A Japanese national man who traveled to Hawaii earlier this month has since been diagnosed with COVID-19, the newly identified coronavirus that has infected thousands in China and elsewhere around the world, state health officials confirmed Friday.
State Health Director Bruce Anderson said during a news conference that the Department of Health was notified Friday morning by the U.S. Centers for Disease Control and Prevention that an adult male traveled from Japan to Maui Jan. 28-Feb. 3 and then to Oahu Feb. 3-7.
The man returned to Aichi Prefecture and developed more serious symptoms, for which he sought medical care.
Anderson said the man was asymptomatic while on Maui, but developed cold-like symptoms while on Oahu, but no fever.
“As soon as the Department of Health was notified (Friday) morning, we began to gather information and work on tracking any close contacts. … It’s those individuals who we are most concerned about. As far as we know, the disease is not transmissible unless you become symptomatic, and then you’re worried mostly about people who are in close contact with the individual for prolonged periods of time.”

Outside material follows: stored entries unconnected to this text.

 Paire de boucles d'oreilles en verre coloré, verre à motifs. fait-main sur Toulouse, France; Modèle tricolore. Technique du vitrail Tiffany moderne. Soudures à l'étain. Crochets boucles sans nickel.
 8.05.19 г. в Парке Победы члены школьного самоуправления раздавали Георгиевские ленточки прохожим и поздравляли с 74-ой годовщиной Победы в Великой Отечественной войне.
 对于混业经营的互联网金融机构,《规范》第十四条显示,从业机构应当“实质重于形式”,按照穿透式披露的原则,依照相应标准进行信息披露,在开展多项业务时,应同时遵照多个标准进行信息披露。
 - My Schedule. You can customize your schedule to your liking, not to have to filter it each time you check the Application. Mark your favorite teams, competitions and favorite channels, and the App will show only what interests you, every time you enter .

According to Anderson, the man stayed at the Grand Waikikian by Hilton Grand Vacations while on Oahu, and as far as the state is aware, he did not seek medical treatment in Hawaii.
The DOH also is sending out medical advisories to all health care providers in the state to be on alert for possible cases.

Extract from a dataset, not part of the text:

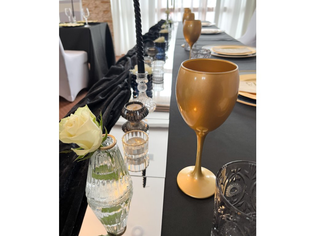 Dekorační sklenice jsou designovým doplňkem pro jakoukoli slavnostní událost. Sklenice můžete použít na celou slavnostní tabuli nebo jen na hlavní stůl. Barvy sklenic můžete krásně kombinovat. Ke sklenicím máme do setu i vázy a svícny ve stejných barvách. Cena půjčovného je na 1-5 dní.

Anderson said the DOH is still gathering information about the man’s travel history while in Hawaii.
State Epidemiologist Sarah Park said it should be reassuring that the man didn’t present symptoms while on Maui and only respiratory symptoms while on Oahu.
“That’s somewhat reassuring to us, because we know that when you have the fever, you’re probably more likely to be more infectious,” she said. “However, as a precaution, we are working with partners to identify potential close contacts because we know the risk is for those who have the prolonged, face-to-face close contact … .”
Information was still limited Friday afternoon.
Park said the DOH is working with the Japanese national consulate and CDC to determine the man’s exact itinerary.
“If you’ve had fleeting, sort of in passing, you passed in the hallway, that is not our focus,” she said. “Our focus is who this person might have sat down with, had conversation with — those are the kind of things we’re looking for.”
Because he became ill while in Hawaii, Park said it’s assumed the man, who was traveling with his wife, became infected while still in Japan or in transit.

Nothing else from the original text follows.